A flow is a bounded multi-step action: a DAG of steps (notify, command, wait, branch, parallel) over one alarm. It is instantiated per open alarm, gated on the alarm staying open, cancelled on resolve or ack, cycle-guarded by the same causation-lineage walk documented above, and finite by a depth / step cap. It depends on the durable per-incident timer (time) for its wait steps.

The canonical case is an escalation: remediate, wait, re-check the real datapoint the alarm is built on, and escalate if it is unchanged (“run the fix, wait 10m, if the datapoint still trips page a human, wait 1h, page the next tier”). Two more cases fall out of the same engine: a time-bound access grant (grant, wait, revoke) and an AI-troubleshooting flow that fetches more data, has the model analyze it, and routes on the verdict.

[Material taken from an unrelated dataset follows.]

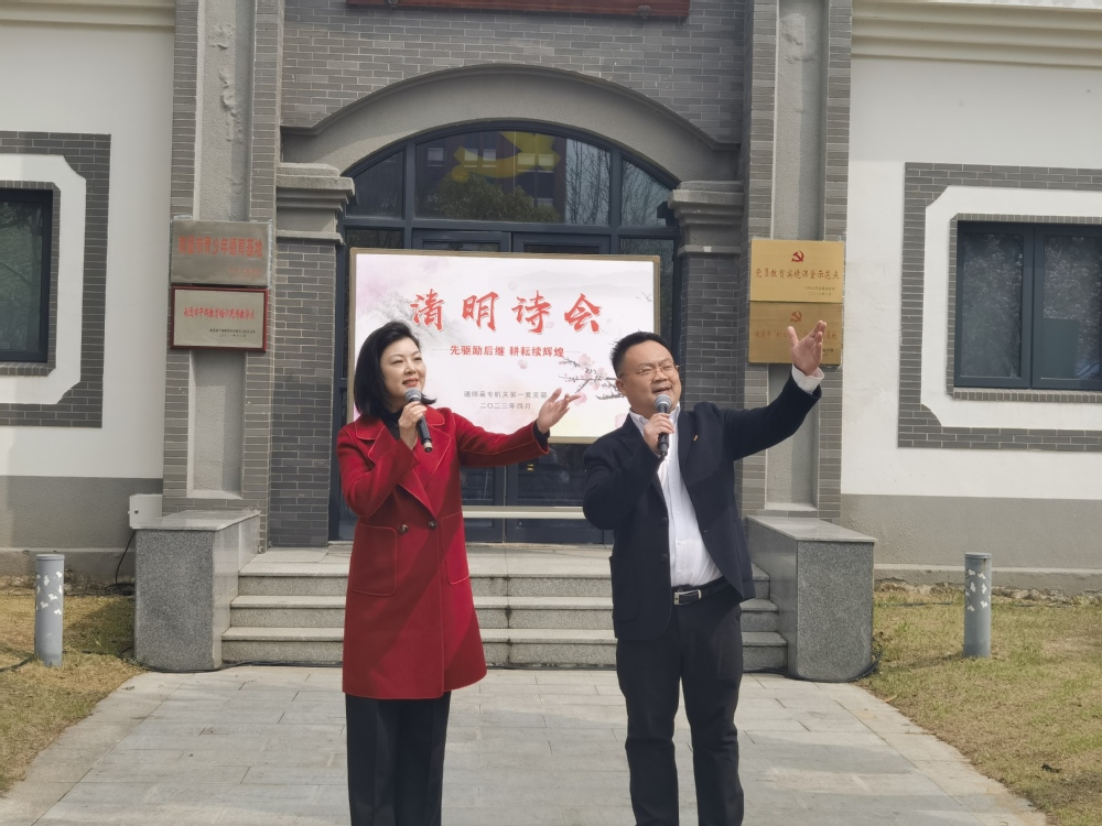此次诗会主题鲜明、内容丰富,形式新颖,是一场“红色”的视听盛宴。每个节目都凝聚着同志们的满腔热忱和崇敬之情。其中,许迅老师与特邀嘉宾南通艺术剧院褚筱玲老师共同朗诵《永生的和平鸽》,沉稳洪亮的嗓音传递着和平的呼唤,让我们感受到和平的力量,以及对美好生活的愿景!张珏老师的一首《感悟清明》,带我们领略了“清明节,雨晴天;花色融,人竟赏”的意境,为诗会增添了一抹“一朝春雨过,万物皆清明”的氛围。“英雄是浑身弹孔仍用双臂紧抱红旗的人,是心灵满身伤疤仍眷恋家国的人……”,由组宣部魏荣华、汪薛松、许迅、陈琳四位老师共同朗诵的诗篇《英雄》激情昂扬,振奋人心,传递着一代代革命者生生不息的呐喊,英雄不朽丰碑永远矗立在我们心中,伟大复兴的旗帜永远引领我们向前。由无产阶级革命家刘瑞龙作词、音乐舞蹈学院黄忠老师谱曲,师生同台演绎的《狼山抒怀》,以歌与诗完美结合的方式,展现了新型艺术表现形式的魅力,抒发了豪迈的胸怀和对家乡的热爱之情,表达了不忘初心、缅怀革命前辈的情思。

This is the platform’s programmable layer, and it is deliberately a bounded workflow engine, not a Turing-complete one: a finite step list, lineage-guarded (above), with a depth / step cap as defense. A flow does not author events; it acts, and any effect it has on the world returns as ordinary data (which is the only edge that could re-open its alarm, and that edge is lineage-bounded). A drag-and-drop editor edits flows.

The single-step and multi-step shapes are one model. An action is one or many steps: a single notify or command is the simple case, and a multi-step flow is the same step list grown past one over the same engine. Nothing in the design distinguishes them but the length of the list.

Event rules, actions, and severity levels carry the same official boolean and UpsertOfficial as the rest of the registries. official: true rows ship vetted; official: false rows are operator-authored and central to component templates (the concrete way to notify or to run a command against a given device class).

alarm and action are stateful entities that hold their current state directly (not event-sourced); the physical layout (the owner arc, partitioning) lives on storage.

TableKey columnsNotes
alarmid, event_rule, owner arc, status, severity, opened_at, resolved_at, acked_bya stateful entity, one incident, new row per open; holds current state directly (not event-sourced); the ITSM anchor. History = events + audit by id
actionid, steps (ordered: notify/command/wait/branch), status, current_stepa stateful entity; delivery and step state; driven by events/alarms

A command is not a table: it is a component_template_version.spec declaration (the interface commands block); a command instance is an action row with kind=command. The event_rule / action_rule config rows live with the rule families.

An abstract action (reboot) resolves to different concrete commands by component type / model through the cascade. The edge dispatch and the command declaration live in templates / nodes; the cascade is the abstract-to-concrete resolution layer above them, so one reboot action targets a heterogeneous fleet and each device runs the command its model declares.